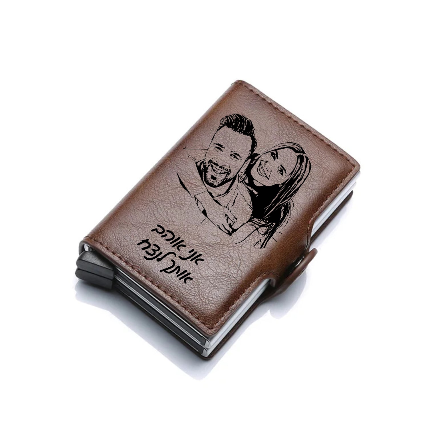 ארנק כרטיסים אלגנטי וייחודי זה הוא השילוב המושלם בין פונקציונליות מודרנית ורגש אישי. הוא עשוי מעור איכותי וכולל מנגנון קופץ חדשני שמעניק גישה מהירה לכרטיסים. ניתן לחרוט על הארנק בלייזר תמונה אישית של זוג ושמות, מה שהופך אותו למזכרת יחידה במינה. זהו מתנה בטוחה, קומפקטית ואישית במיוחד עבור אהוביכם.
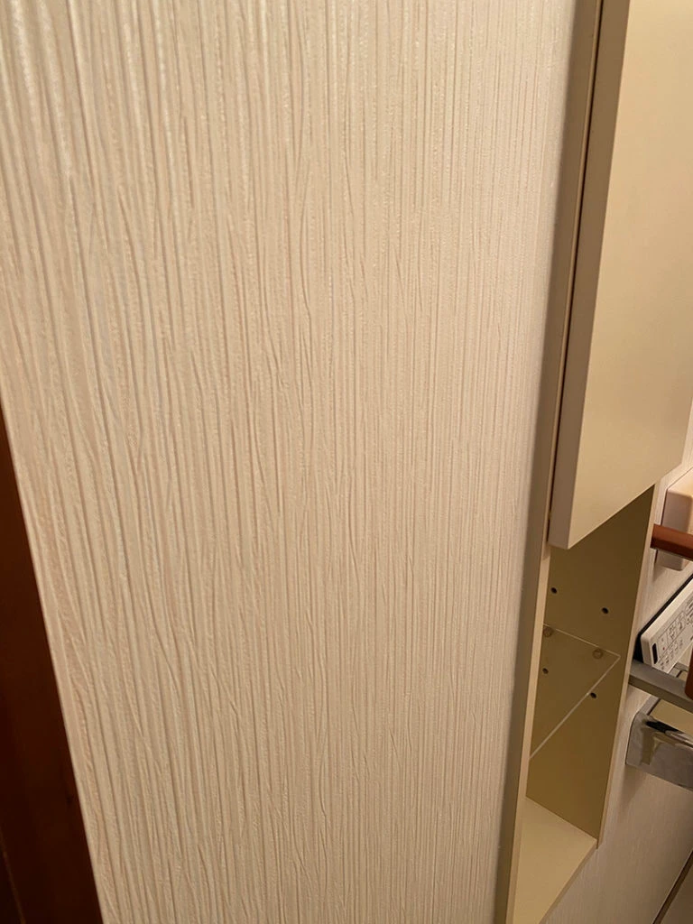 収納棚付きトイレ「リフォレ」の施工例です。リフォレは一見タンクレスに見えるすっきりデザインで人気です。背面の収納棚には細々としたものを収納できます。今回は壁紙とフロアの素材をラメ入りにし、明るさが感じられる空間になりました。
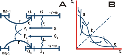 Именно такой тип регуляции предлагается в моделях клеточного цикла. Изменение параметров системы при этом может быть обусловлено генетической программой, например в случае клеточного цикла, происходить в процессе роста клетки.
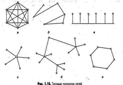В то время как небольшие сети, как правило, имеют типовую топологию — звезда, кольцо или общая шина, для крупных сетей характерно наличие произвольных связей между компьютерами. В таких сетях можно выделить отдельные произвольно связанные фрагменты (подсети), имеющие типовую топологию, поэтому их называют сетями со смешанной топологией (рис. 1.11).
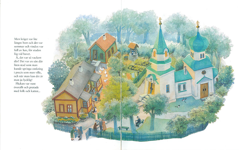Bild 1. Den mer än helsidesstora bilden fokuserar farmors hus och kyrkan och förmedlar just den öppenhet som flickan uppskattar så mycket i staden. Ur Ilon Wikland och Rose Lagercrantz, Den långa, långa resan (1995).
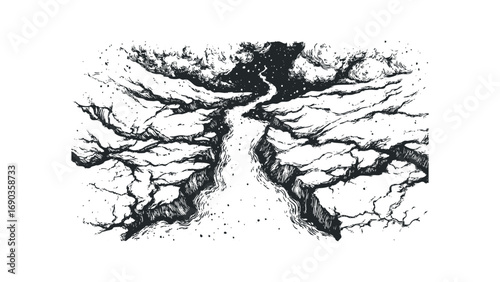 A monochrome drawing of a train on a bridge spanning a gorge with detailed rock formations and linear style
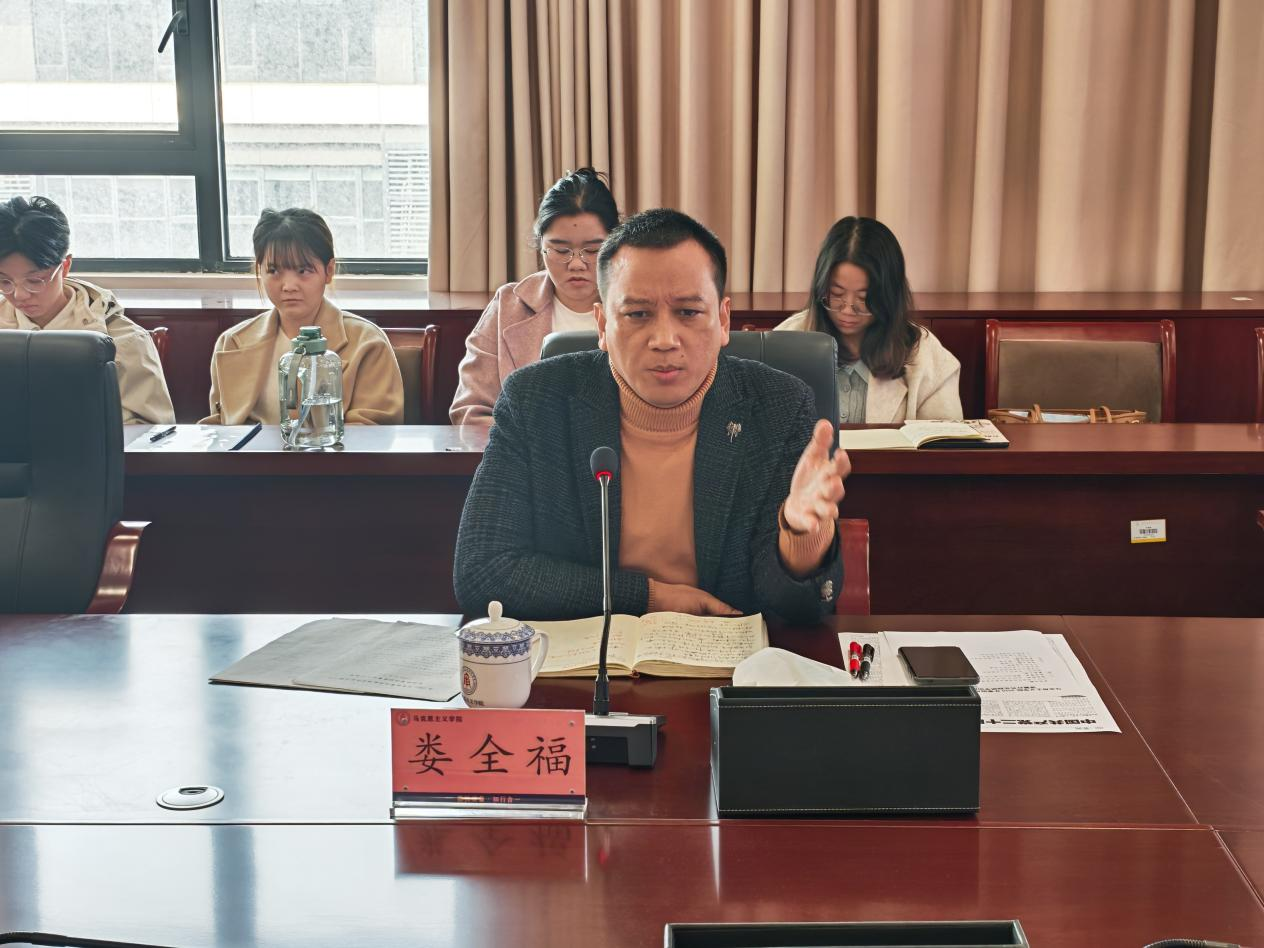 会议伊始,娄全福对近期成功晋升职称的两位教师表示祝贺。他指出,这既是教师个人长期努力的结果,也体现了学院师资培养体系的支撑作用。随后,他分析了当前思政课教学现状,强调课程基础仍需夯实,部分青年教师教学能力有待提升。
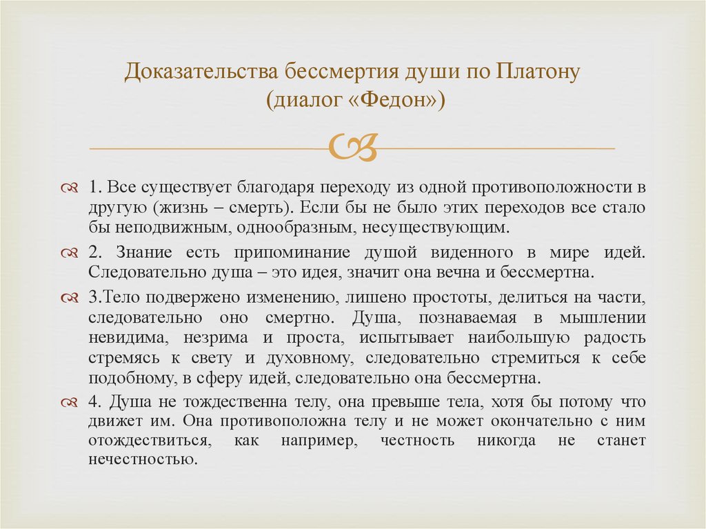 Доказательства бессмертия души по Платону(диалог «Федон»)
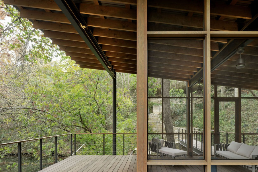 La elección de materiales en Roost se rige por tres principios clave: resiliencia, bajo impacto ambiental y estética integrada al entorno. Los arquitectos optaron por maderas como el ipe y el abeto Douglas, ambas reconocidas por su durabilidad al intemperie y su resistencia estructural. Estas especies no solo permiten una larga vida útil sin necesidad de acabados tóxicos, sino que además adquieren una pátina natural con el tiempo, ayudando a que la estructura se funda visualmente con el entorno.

▶ _EXERCISE BRIEF_: Going by the entries above, repeat exactly the lines that start at the line with "収納棚付きトイレ「リフォレ」" and go on through the line with "Доказательства бессмертия души". Pictures are not part of the copy.

▶ _THE ANSWER_:
 収納棚付きトイレ「リフォレ」の施工例です。リフォレは一見タンクレスに見えるすっきりデザインで人気です。背面の収納棚には細々としたものを収納できます。今回は壁紙とフロアの素材をラメ入りにし、明るさが感じられる空間になりました。
 Именно такой тип регуляции предлагается в моделях клеточного цикла. Изменение параметров системы при этом может быть обусловлено генетической программой, например в случае клеточного цикла, происходить в процессе роста клетки.
В то время как небольшие сети, как правило, имеют типовую топологию — звезда, кольцо или общая шина, для крупных сетей характерно наличие произвольных связей между компьютерами. В таких сетях можно выделить отдельные произвольно связанные фрагменты (подсети), имеющие типовую топологию, поэтому их называют сетями со смешанной топологией (рис. 1.11).
Bild 1. Den mer än helsidesstora bilden fokuserar farmors hus och kyrkan och förmedlar just den öppenhet som flickan uppskattar så mycket i staden. Ur Ilon Wikland och Rose Lagercrantz, Den långa, långa resan (1995).
 A monochrome drawing of a train on a bridge spanning a gorge with detailed rock formations and linear style
 会议伊始,娄全福对近期成功晋升职称的两位教师表示祝贺。他指出,这既是教师个人长期努力的结果,也体现了学院师资培养体系的支撑作用。随后,他分析了当前思政课教学现状,强调课程基础仍需夯实,部分青年教师教学能力有待提升。
 Доказательства бессмертия души по Платону(диалог «Федон»)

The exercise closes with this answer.